4.1. Hydrogeomorphic Response of Flash Floods in the First-Order Catchment

The dendrogeomorphic results confirm that, despite the strong geomorphic impact of the last 2014 flash flood, there is evidence of former flood events within this catchment. We recorded the hydrogeomorphic impacts of floods in years with the occurrence of debris flows and rockfalls in the surrounding mountains (e.g., in 1991, 2006 and 2010 [62,63]). In addition, several identified years coincided with documentary data about local and/or regional flooding there (e.g., in 1971, 1977, 1997 and 2009). Polách and Gába [43] described a spatially limited downpour in July 1971 after strong antecedent precipitation, resulting in local damage to small streams within this region. This situation was likely similar to that of the last 2014 flash flood, which was considered unprecedented regarding the rainfall intensity, but the hydrogeomorphic response seems to be comparable to that of the 1971 event. Moreover, the transported parts of damaged culverts within the channel and several older scars on tree stems (Figure 2d) suggest an even higher hydrogeomorphic impact in the past. Furthermore, we identified that more than 40% of scars can be dated to the period 1951–2000, pointing to slow and progressive channel bank erosion during several flood events rather than to abrupt changes in channel geometry and the fast decay of exposed roots, as is typical for mountain regions [64].

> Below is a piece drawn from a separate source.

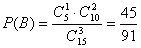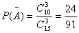 46. На стеллаже библиотеки в случайном порядке расставлено 15 учебников, причем пять из них в переплете. Библиотекарь берет наудачу три учебника. Найти вероятность того, что хотя бы один из взятых учебников окажется в переплете (событие A).

We found no significant correlation by plotting the MBD and τb for all 62 cross sections, but a significant positive relationship existed after removal of fifteen cross sections assigned to deep pools and bedrock segments. This increase in statistical significance reflected the presence of the fine-grained character of the alluvial cover in these cross sections, the calibre of which did not necessarily correspond to the stream transport capacity (expressed by τb) during the examined flood event. Thus, we assumed more frequent transport of these fine particles during lower-magnitude events (e.g., bankfull or even lower flows). On the other hand, the set of remaining 47 cross sections had adjusted the calibre of the MBD to the calculated bed shear stresses. This positive relationship clearly pointed to the adjustment of the stepped-bed architecture during high-magnitude events towards a condition that provides the maximum possible bed stability, as was documented by previous flume experiments [65].

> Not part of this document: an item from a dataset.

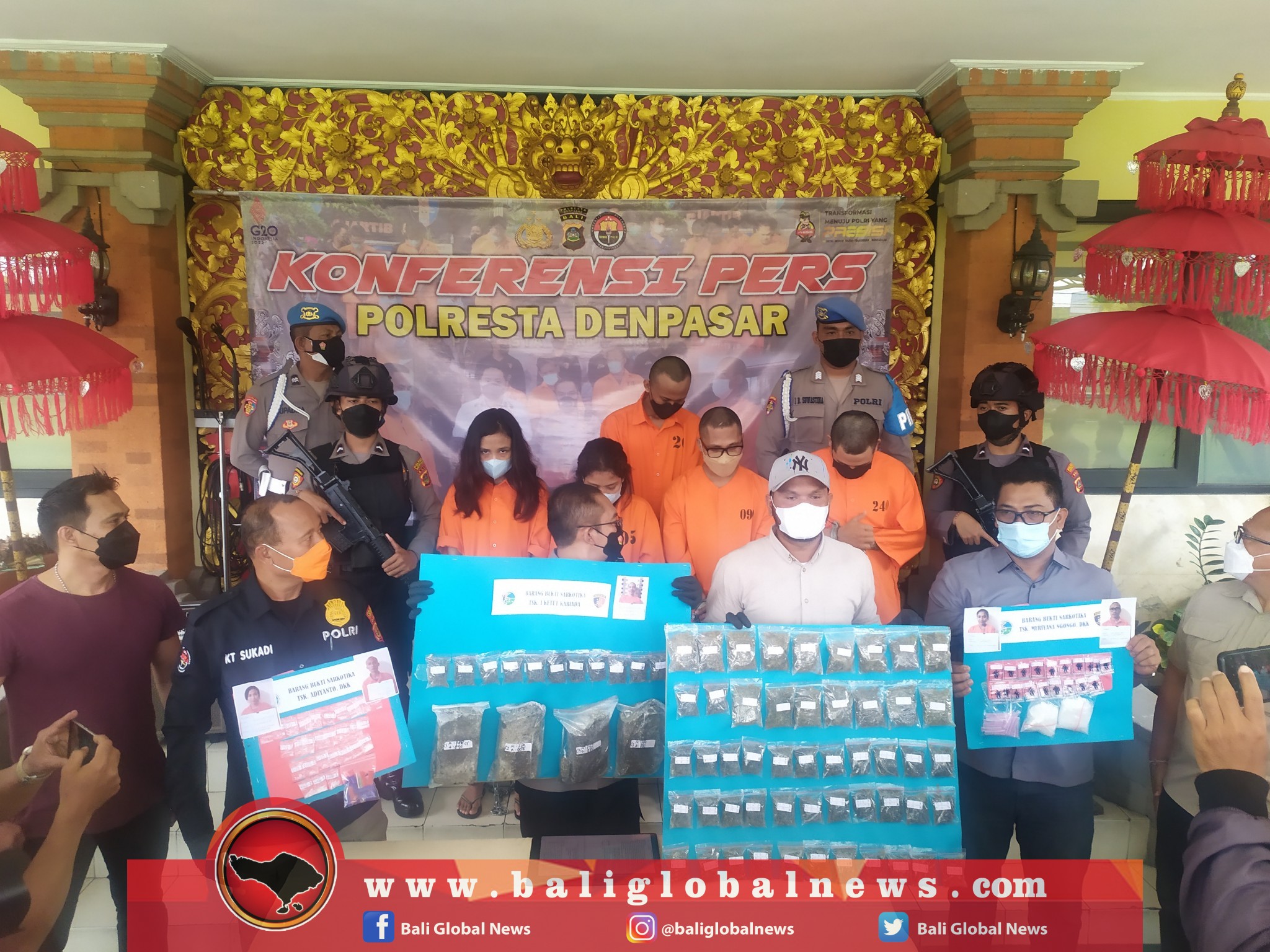 Satuan Resnarkoba Polresta Denpasar menangkap lima orang tersangka kasus peredaran gelap narkoba jenis ganja seberat 4.725 gram (4.7 kg) dan sabu-sabu seberat 192,50 gram. Dan dirilis di halaman kantor kepolisian setempat, pada Kamis (15/9/2022).

In general, the highest values of τb and ω were calculated for cross sections with erosional tendencies when compared to those of stable or depositional cross sections, although only the parameter of τb indicated statistically significant differences. These high values of τb and ω typically reflected a low width–depth ratio in erosional reaches with limited inundation ability together with the concentrated energy of flood flows. The presence of alluvial pockets of relatively fine sediments in the erosional reaches with exposed bedrock (resulting in very low values of MBD) explained our observations of the coarser bed particles in the stable reaches when one may expect local coarsening in erosional reaches with the highest calculated τb and, contrarily, fining in depositional reaches [23,66,67]. In addition, no differences in the MBD were observed between the erosional and stable reaches in the case of stepped-bed headwater streams based in flysch rocks, despite higher unit stream power being calculated for the erosional reaches [23]. These observations from small streams contradict the relation between the sediment coarsening and channel incision that was reported for gravel-bed rivers [68] by taking into consideration the specifics of steep headwater streams (e.g., mixture of alluvial and semi-alluvial reaches or strong effect of local lithology predicting patterns of sediment supply).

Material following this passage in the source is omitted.